Conservative blogging circles are abuzz with speculation about who will become the next Republican National Committee chair. The position represents one of the three highest-profile positions in the GOP, alongside the party leaders in the House and Senate. Those latter positions will be retained by Rep. John Boehner and Sen. Mitch McConnell despite a supremely disappointing 2007-2008 cycle. Current RNC Chairman Mike Duncan is running for another term — and many race watchers think it’s possible that RNC members will give him another two years on the job — but if the GOP is looking for new blood and a fresh face among its leadership, it will have to happen at the RNC’s winter meeting on January 29.
As Republicans reflect on which candidate for the RNC chair can best lead the party for the next two years, though, clouded thinking runs rampant — much of it based on the misperception that winning a majority of the 165 votes needed to become chairman requires the same skill set as winning a general election. For the sake of clarity, let’s clear up some myths about what makes a good party chairman.

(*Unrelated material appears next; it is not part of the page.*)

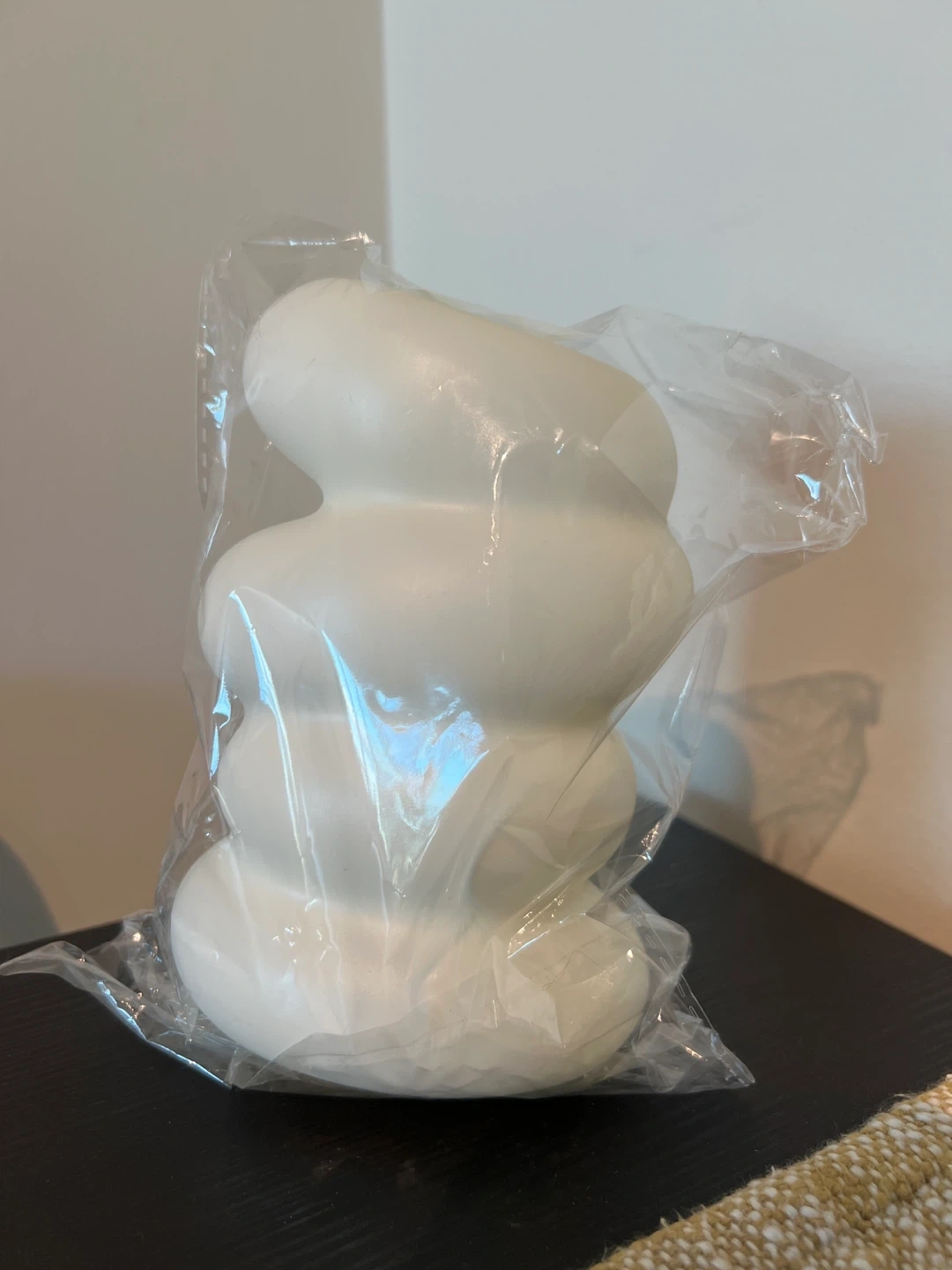 This white vase has a unique bulbous, twisted shape. It's made of plastic and measures 15cm (5.91 inches) tall and 9cm (3.54 inches) wide. It's a stylish decorative piece for your home.

Myth One: Ideology is paramount. Recently, 37 self-identified conservatives among the 168-member RNC formed a group to vet candidates for the party chair, purportedly to weed out the insufficiently conservative. Much of the early criticism of former Maryland lieutenant governor Michael Steele, for instance, revolves around his relationship with a group of GOP moderates — the Republican Leadership Council.
But this may mean less than it appears at first glance. This newly formed vetting committee includes two of the candidates for chair: Michigan GOP chairman Saul Anuzis and South Carolina GOP Chair Katon Dawson. What are the odds that the vetting committee will determine either man is insufficiently conservative? By what standard will they look at any of the candidates and declare, “this person is not conservative enough”?
The role of the national committee chair is such that, traditionally, the party has not engaged in a great deal of ideological screening. Ideology plays some role in fulfilling the responsibilities of candidate recruitment, of course — if you’re a social conservative, you might be less likely to recruit a libertarian-leaning candidate, and vice versa. But in the end, party chairman look for talented figures who can win races — and they rarely turn away a political hopeful who has a credible chance of knocking off a Democratic incumbent on the basis of ideology.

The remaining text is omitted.